## Data for processing

=======

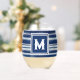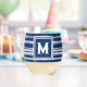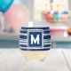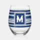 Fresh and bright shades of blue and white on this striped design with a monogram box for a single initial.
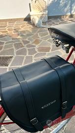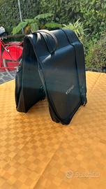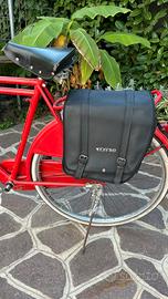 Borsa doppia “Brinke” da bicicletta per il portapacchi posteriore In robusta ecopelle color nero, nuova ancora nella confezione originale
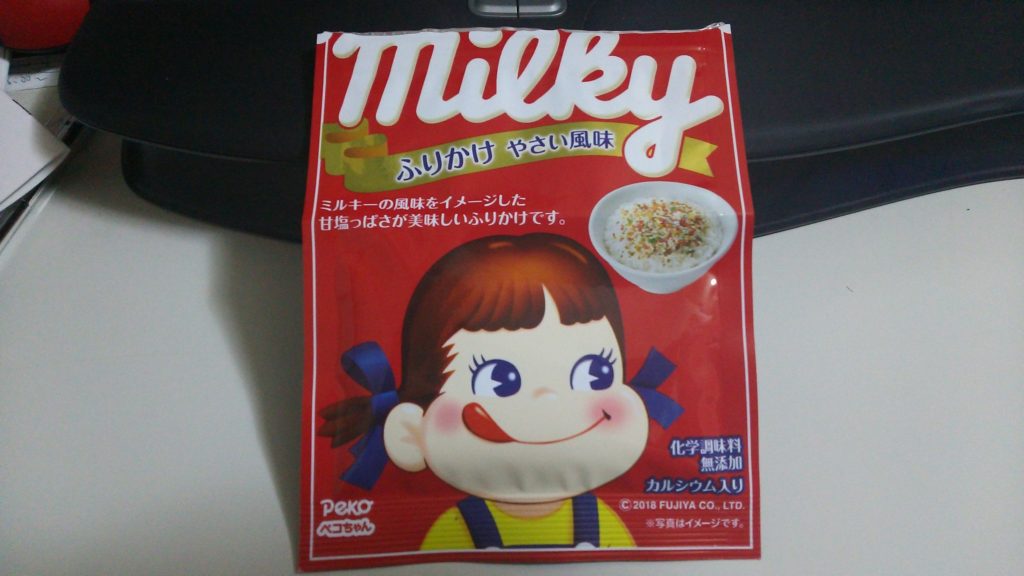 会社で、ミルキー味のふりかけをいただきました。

=======

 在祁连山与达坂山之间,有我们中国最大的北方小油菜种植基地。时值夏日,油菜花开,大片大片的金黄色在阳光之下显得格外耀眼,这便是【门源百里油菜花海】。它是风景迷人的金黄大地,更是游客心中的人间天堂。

=======

Set down exactly the lines above, from the line containing "Fresh and bright" through the line containing "会社で、ミルキー味のふりかけをいただきました。". Skip the pictures.

 Fresh and bright shades of blue and white on this striped design with a monogram box for a single initial.
 Borsa doppia “Brinke” da bicicletta per il portapacchi posteriore In robusta ecopelle color nero, nuova ancora nella confezione originale
 会社で、ミルキー味のふりかけをいただきました。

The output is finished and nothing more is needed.